Flinchbaugh v. Cornwall-Lebanon Suburban Joint School Authority

Dissenting Opinion by

Mr. Justice Pomeroy:

Cora Flinchbaugh, plaintiff-appellant herein, was allegedly injured on October 19, 1966, when she fell after stepping into an open space on the payed grounds of a nearly-completed school building, sustaining personal injuries. The school was under construction by the Cornwall-Lebanon Suburban Joint School Authority (Authority) for the use of the Cornwall-Lebanon School District (District). Appellant and other persons were present on the school grounds that evening pursuant to an invitation extended to the general public by the Authority or the District. Suit to recover damages for the injuries allegedly sustained was instituted by appellants against the general contractor, the heating contractor, the Authority and the District. The Authority and District filed preliminary objections in the nature of a demurrer, asserting that they were immune from any tort liability under the facts averred. The court below sustained those preliminary objections, and the propriety of this order is presented to this Court by the appeal.1

*410If the injuries complained of were sustained in the course of the exercise of a proprietary function, as distinguished from a governmental function, by the governmental bodies involved, there would be no doubt that appellants had stated a cause of action. Morris v. Mt. Lebanon Twp. School District, 393 Pa. 633, 144 A. 2d 737 (1958). Mr. Justice Roberts takes this approach in his dissenting opinion. My study of the legislation under which the Authority2 and the District3 were respectively acting, and this Court’s earlier decisions on the subject,4 leads me to the opposite conclusion as to the nature of the activity. That is, although inviting the public to and holding an open house is not literally one of the legislatively-delegated powers in the case of the Authority or, in the case of the District, a function it was legislatively required to perform, I am compelled to the conclusion that what was done here—opening a new school to the general public for viewing and inspection—was governmental in nature.

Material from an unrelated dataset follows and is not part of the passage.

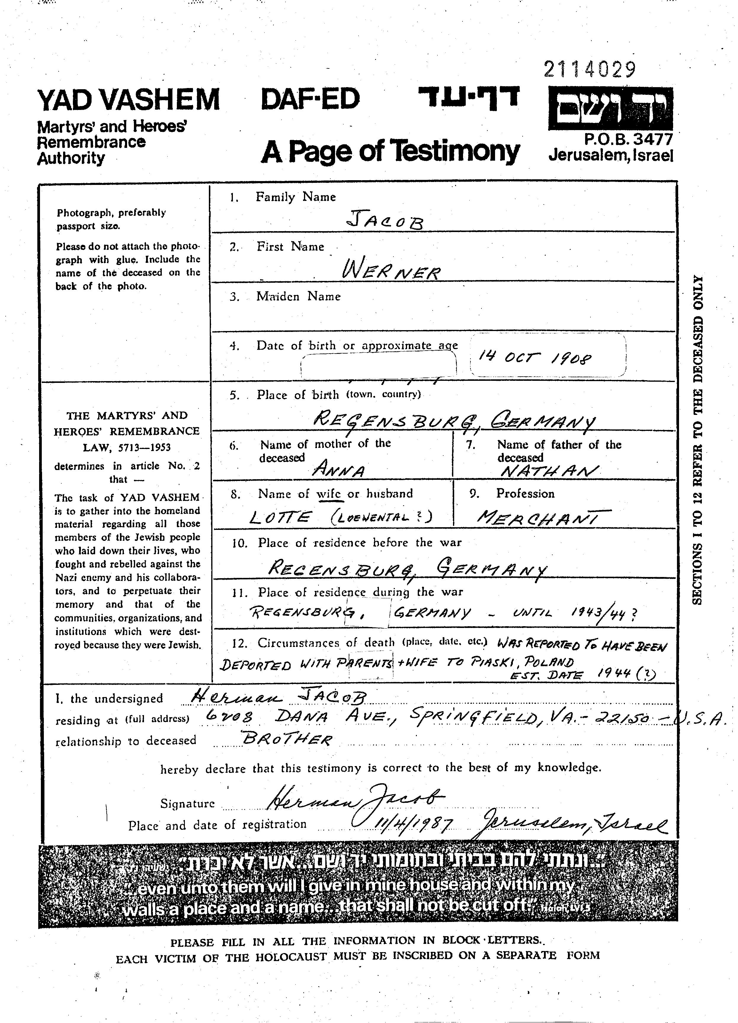 חיפוש שם מוסר דף העד. חיפוש לפי כל שם פרטי, כולל כינוי או שם חיבה

This conclusion, of course, brings the plaintiffs-appellants up against the court-created rule which holds a governmental unit immune from liability in tort for injuries growing out of a governmental function or ac*411tivity. For tbe reasons stated in my dissenting opinion in Laughner v. Allegheny County, 436 Pa. 572, 576, 261 A. 2d 607, 609 (1970), I believe that the rule of immunity is an unsound rule of law and should be modified by the Court. Accordingly, I dissent; I would overrule the order sustaining the defendants’ preliminary objections and remand the case for further proceedings.

Although the lower court order did not formally dismiss appellants’ complaint or otherwise terminate their action against the *410Authority and the District, the order nevertheless effectively puts the plaintiffs out of court and is, therefore, final and appealable. In its action affirming the order of the lower court rather than quashing the appeal as requested by appellees, the majority implicitly concludes that the order was final.

Municipality Authorities Act of 1945, Act of May 2, 1945, as amended, P. B. 382, §4, 53 P.S. §306A (Supp. 1969).

Act of March 10, 1949, P. L. 30, art. VII, §775, as amended, 24 P.S. §7-775.

Shields v. Pittsburgh School District, 408 Pa. 388, 184 A. 2d 240 (1962) ; Morris v. Mt. Lebanon Twp. School District, supra; Hill v. Allentown Housing Authority, 373 Pa. 92, 95 A. 2d 519 (1953); and Kennedy v. Gamble & Gamble Construction Co., 26 Pa. D. & O. 2d 530 (C. P. Butler Co. 1961).